Third, to smooth out jumps, we impose a three-month moving average to the residuals, as in Huang et al. (2015). The smoothed residuals are called “clean” proxies. Fourth, considering that the clean proxies may have a lag in reflecting the sentiment of market entities, we need to choose between the current value and the lagged value of each proxy, as in Baker and Wurgler (2006). In detail, we first perform principal component analysis on \({{\varvec{M}}{\varvec{e}}{\varvec{d}}{\varvec{i}}{\varvec{a}}{\varvec{n}}{\varvec{I}}{\varvec{n}}{\varvec{t}}{\varvec{v}}}_{{\varvec{t}}}\), \({{\varvec{M}}{\varvec{e}}{\varvec{d}}{\varvec{i}}{\varvec{a}}{\varvec{n}}{\varvec{I}}{\varvec{n}}{\varvec{t}}{\varvec{v}}}_{{\varvec{t}}-1}\), \({{\varvec{T}}{\varvec{u}}{\varvec{r}}{\varvec{n}}{\varvec{o}}{\varvec{v}}{\varvec{e}}{\varvec{r}}}_{{\varvec{t}}}\), \({{\varvec{T}}{\varvec{u}}{\varvec{r}}{\varvec{n}}{\varvec{o}}{\varvec{v}}{\varvec{e}}{\varvec{r}}}_{{\varvec{t}}-1}\), \({{\varvec{S}}{\varvec{M}}{\varvec{B}}}_{{\varvec{t}}}\), and \({{\varvec{S}}{\varvec{M}}{\varvec{B}}}_{{\varvec{t}}-1}\), to extract its first principal component. Then the correlation between the first component and each of the six variables is calculated to determine whether to choose the current value or the lagged value.

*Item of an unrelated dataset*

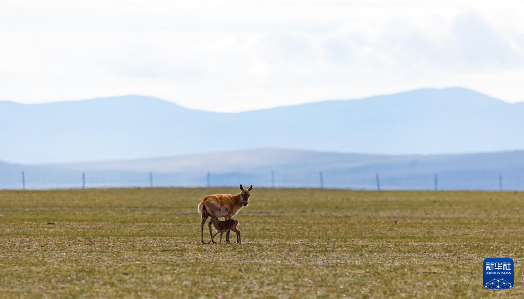 鲁确塘草原上的藏羚羊母子(6月16日摄)。新华社记者 旦增尼玛曲珠 摄

Finally, the value which is more correlated with the first component is chosen as the final sentiment proxy.

Fifth, we conduct the recursive look-ahead-bias-free implementation of the PLS approach of Kelly and Pruitt (2013, 2015) and Huang et al. (2015) to construct a look-ahead-bias-free housing sentiment index for each city in our sample.

Specifically, at month t, for each sentiment proxy \({proxy}_{i}\)(MedianIntv, Turnover, or SMB), we run the following first-stage regression:

$${proxy}_{i,s-1}={\pi }_{i,0}+{\pi }_{i,1}{Return}_{s}+{u}_{i,s-1},s\le t,$$

(2)

in which \({proxy}_{i,s-1}\) denotes the lagged sentiment proxy (proxy i at time \(s-1\)) and \({Return}_{s}\) denotes housing return (in percentage) at time s. To obtain the loadings for month \(t\), we only use data up to month \(t\) in the above regression. The latest return (\({Return}_{t}\)) used on the right-hand side is from time t-1 to t. The latest sentiment proxies used on the left-hand side is \({proxy}_{i, t-1}\). Thus, the first-stage coefficient estimates \({\widehat{\pi }}_{i1}\) are in the time t information set since they use monthly returns \({\{Return}_{2},\dots , { Return}_{t}\)} and monthly proxies \({\{proxy}_{i,1},\dots , { proxy}_{i,t-1}\)}.

In the second-stage regression, for month \(t\), we run the cross-sectional regression as follows:

$${proxy}_{i,t}=\alpha +{S}_{t}^{PLS}{\widehat{\pi }}_{i1}+{v}_{i,t},i=\mathrm{1,2},\dots ,N.$$

(3)

In the above regression, the independent variable is the loadings that we obtain in Eq. (2). Then the slope estimate \({S}_{t}^{PLS}\) obtained in the above regression is the look-ahead-bias-free sentiment estimate for month t.

For sentiment estimate \({S}_{t+1}^{PLS}\) at month t + 1, we re-estimate the above first-stage regressions by expanding the first-stage sample to {s: s \(\le\) t + 1} and re-estimate the second-stage regression for time-period t + 1. By recursively implementing the above procedure with an expanding estimation window, we obtain a recursive look-ahead-bias-free estimate of the housing sentiment sequence {\({S}_{t}^{PLS}, t={t}_{0}\), …., T}.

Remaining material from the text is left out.